The decision in Koziarski Estate v. Sullivan serves as a reminder that there are still cases where children born outside of marriage may fall outside the definition of a class of beneficiaries – like “issue” or “grandchildren” – in a will.[1] In Koziarski, the estate trustee brought an application for advice and directions relating to the interpretation of the word “issue” in the deceased’s 1977 will, which was made before the deceased had any grandchildren.

The deceased’s will contains the following residue clause:

3 (c) To divide the remainder of my estate equally among such of my children as shall be living at the time of my death; provided that if any of my children shall predecease me, leaving issue him or her surviving, such issue shall take in equal shares per stirpes the share that such deceased child would have taken if living.[2]

The application for advice and directions was brought because one of the deceased’s children, who had an illegitimate child, died before the testator. The Court was therefore tasked with determining whether or not the word “issue” in the deceased’s will included the deceased’s illegitimate grandchild.

The applicable legislative provision, s. 1(3) of the Succession Law Reform Act,[3] which provides that children born outside of marriage are treated the same as children of a marriage, unless a contrary intention is shown in the will. However, s. 1(4) provides that “Subsection (3) applies in respect of wills made on or after the 31st day of March, 1978.”

Counsel for the illegitimate grandson of the deceased argued that, while the s. 1(4) presumption applies only to wills made after March 31, 1978, the Court was not barred from interpreting the word “issue” based on modern, inclusive social mores. Counsel relied on an interesting series of cases from British Columbia[4] to argue that the Court could apply the modern definition of “issue” to wills made prior to the enactment of s. 1(3).

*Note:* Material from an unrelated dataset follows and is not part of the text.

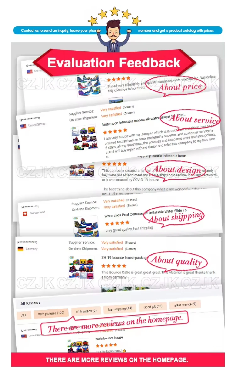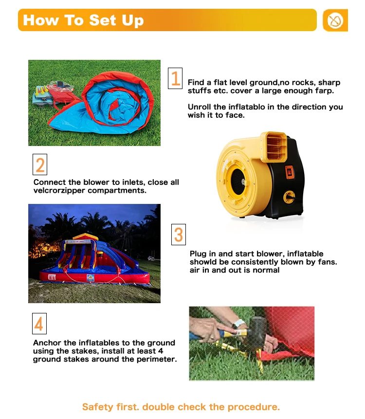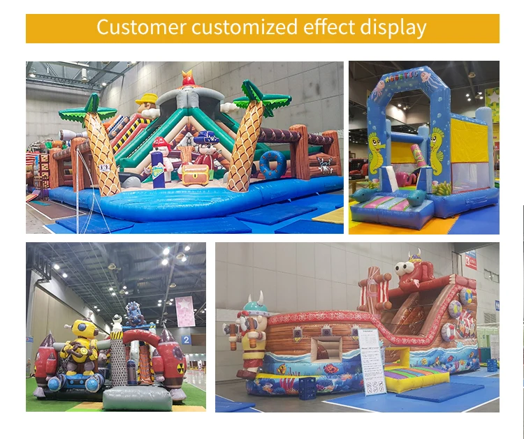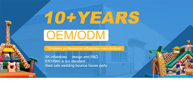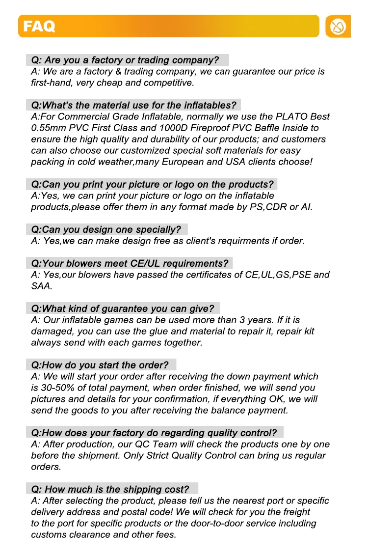 Q: Are you a factory or trading company? A: We are a factory & trading company, we can guarantee our price is first-hand, very cheap and competitive. Q:What's the material use for the inflatables? A:For Commercial Grade Inflatable, normally we use the PLATO Best 0.55mm PVC First Class and 1000D Fireproof PVC Baffle Inside to ensure the high quality and durability of our products; and customers can also choose our customized special soft materials for easy packing in cold weather,many European and USA clients choose! Q:Can you print your picture or logo on the products? A:Yes, we can print your picture or logo on the inflatable products,please offer them in any format made by PS,CDR or AI. Q:Can you design one specially? A: Yes,we can make design free as client's requirments if order. Q:Your blowers meet CE/UL requirements? A: Yes,our blowers have passed the certificates of CE,UL,GS,PSE and SAA. Q:What kind of guarantee you can give? A: Our inflatable games can be used more than 3 years. If it is damaged, you can use the glue and material to repair it, repair kit always send with each games together. Q:How do you start the order? A: We will start your order after receiving the down payment which is 30-50% of total payment, when order finished, we will send you pictures and details for your confirmation, if everything OK, we will send the goods to you after receiving the balance payment. Q:How does your factory do regarding quality control? A: After production, our QC Team will check the products one by one before the shipment. Only Strict Quality Control can bring us regular orders. Q: How much is the shipping cost? A: After selecting the product, please tell us the nearest port or specific delivery address and postal code! We will check for you the freight to the port for specific products or the door-to-door service including customs clearance and other fees.

In the earliest of those cases, Re Hogbin Estate, the Court was asked to interpret a clause in a 1927 will that left the residue of the estate to the surviving children of the deceased’s daughter. The deceased’s daughter died leaving one child, born outside of marriage. Manson J. held that the illegitimate granddaughter of the deceased was entitled to inherit the residue, relying on the surrounding circumstances at the date of execution as well as a 1925 amendment to the Administration Act,[5] which allowed illegitimate children to inherit on an intestacy. His Honour also relied on a series of English cases that favoured modern interpretations of terms where previous interpretations would create an injustice.[6]

Despite the submissions from the illegitimate grandson, the Court held that he was not entitled to inherit a portion of the residue, as s. 1(3) could not be applied to wills executed in 1977. Additionally, it could not be determined whether the deceased intended any illegitimate heirs to inherit based on the surrounding circumstances at the date of execution or the words of the will, which was executed prior to the birth of any of the deceased’s grandchildren. The Court was therefore unable to apply current notions of public policy to allow the illegitimate grandson to inherit under the deceased’s will.